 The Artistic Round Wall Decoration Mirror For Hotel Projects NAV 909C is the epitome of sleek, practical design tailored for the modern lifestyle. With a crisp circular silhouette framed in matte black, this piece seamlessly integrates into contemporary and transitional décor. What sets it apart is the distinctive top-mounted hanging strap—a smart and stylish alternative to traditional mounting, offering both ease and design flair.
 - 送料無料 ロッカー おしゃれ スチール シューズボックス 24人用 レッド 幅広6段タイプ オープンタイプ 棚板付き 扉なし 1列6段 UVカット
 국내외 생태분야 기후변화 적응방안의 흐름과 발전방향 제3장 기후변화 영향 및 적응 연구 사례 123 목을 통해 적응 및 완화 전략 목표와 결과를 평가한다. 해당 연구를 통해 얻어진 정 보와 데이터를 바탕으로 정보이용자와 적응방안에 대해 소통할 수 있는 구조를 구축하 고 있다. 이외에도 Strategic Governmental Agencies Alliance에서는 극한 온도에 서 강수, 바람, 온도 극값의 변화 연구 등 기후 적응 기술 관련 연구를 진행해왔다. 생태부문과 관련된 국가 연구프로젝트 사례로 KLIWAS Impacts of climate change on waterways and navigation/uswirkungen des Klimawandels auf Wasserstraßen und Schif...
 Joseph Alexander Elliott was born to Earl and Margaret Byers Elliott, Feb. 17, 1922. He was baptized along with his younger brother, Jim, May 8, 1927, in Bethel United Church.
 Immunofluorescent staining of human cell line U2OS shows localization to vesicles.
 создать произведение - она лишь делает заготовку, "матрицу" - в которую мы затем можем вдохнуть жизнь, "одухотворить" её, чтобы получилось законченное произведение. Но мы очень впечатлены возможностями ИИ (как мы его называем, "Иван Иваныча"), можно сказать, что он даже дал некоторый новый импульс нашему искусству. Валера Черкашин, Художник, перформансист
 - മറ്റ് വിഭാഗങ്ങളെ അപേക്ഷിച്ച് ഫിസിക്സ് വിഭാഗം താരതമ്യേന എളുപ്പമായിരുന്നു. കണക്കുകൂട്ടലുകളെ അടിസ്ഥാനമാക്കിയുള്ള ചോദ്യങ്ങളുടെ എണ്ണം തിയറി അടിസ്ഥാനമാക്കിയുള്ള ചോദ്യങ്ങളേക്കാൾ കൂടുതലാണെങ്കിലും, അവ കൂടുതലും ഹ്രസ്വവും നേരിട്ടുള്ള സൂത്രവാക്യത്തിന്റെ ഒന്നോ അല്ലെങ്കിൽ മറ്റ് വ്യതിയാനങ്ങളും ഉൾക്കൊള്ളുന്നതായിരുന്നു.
——
Work item:
Write every entry out again, exactly as it stands.

Exercise response:
 The Artistic Round Wall Decoration Mirror For Hotel Projects NAV 909C is the epitome of sleek, practical design tailored for the modern lifestyle. With a crisp circular silhouette framed in matte black, this piece seamlessly integrates into contemporary and transitional décor. What sets it apart is the distinctive top-mounted hanging strap—a smart and stylish alternative to traditional mounting, offering both ease and design flair.
 - 送料無料 ロッカー おしゃれ スチール シューズボックス 24人用 レッド 幅広6段タイプ オープンタイプ 棚板付き 扉なし 1列6段 UVカット
 국내외 생태분야 기후변화 적응방안의 흐름과 발전방향 제3장 기후변화 영향 및 적응 연구 사례 123 목을 통해 적응 및 완화 전략 목표와 결과를 평가한다. 해당 연구를 통해 얻어진 정 보와 데이터를 바탕으로 정보이용자와 적응방안에 대해 소통할 수 있는 구조를 구축하 고 있다. 이외에도 Strategic Governmental Agencies Alliance에서는 극한 온도에 서 강수, 바람, 온도 극값의 변화 연구 등 기후 적응 기술 관련 연구를 진행해왔다. 생태부문과 관련된 국가 연구프로젝트 사례로 KLIWAS Impacts of climate change on waterways and navigation/uswirkungen des Klimawandels auf Wasserstraßen und Schif...
 Joseph Alexander Elliott was born to Earl and Margaret Byers Elliott, Feb. 17, 1922. He was baptized along with his younger brother, Jim, May 8, 1927, in Bethel United Church.
 Immunofluorescent staining of human cell line U2OS shows localization to vesicles.
 создать произведение - она лишь делает заготовку, "матрицу" - в которую мы затем можем вдохнуть жизнь, "одухотворить" её, чтобы получилось законченное произведение. Но мы очень впечатлены возможностями ИИ (как мы его называем, "Иван Иваныча"), можно сказать, что он даже дал некоторый новый импульс нашему искусству. Валера Черкашин, Художник, перформансист
 - മറ്റ് വിഭാഗങ്ങളെ അപേക്ഷിച്ച് ഫിസിക്സ് വിഭാഗം താരതമ്യേന എളുപ്പമായിരുന്നു. കണക്കുകൂട്ടലുകളെ അടിസ്ഥാനമാക്കിയുള്ള ചോദ്യങ്ങളുടെ എണ്ണം തിയറി അടിസ്ഥാനമാക്കിയുള്ള ചോദ്യങ്ങളേക്കാൾ കൂടുതലാണെങ്കിലും, അവ കൂടുതലും ഹ്രസ്വവും നേരിട്ടുള്ള സൂത്രവാക്യത്തിന്റെ ഒന്നോ അല്ലെങ്കിൽ മറ്റ് വ്യതിയാനങ്ങളും ഉൾക്കൊള്ളുന്നതായിരുന്നു.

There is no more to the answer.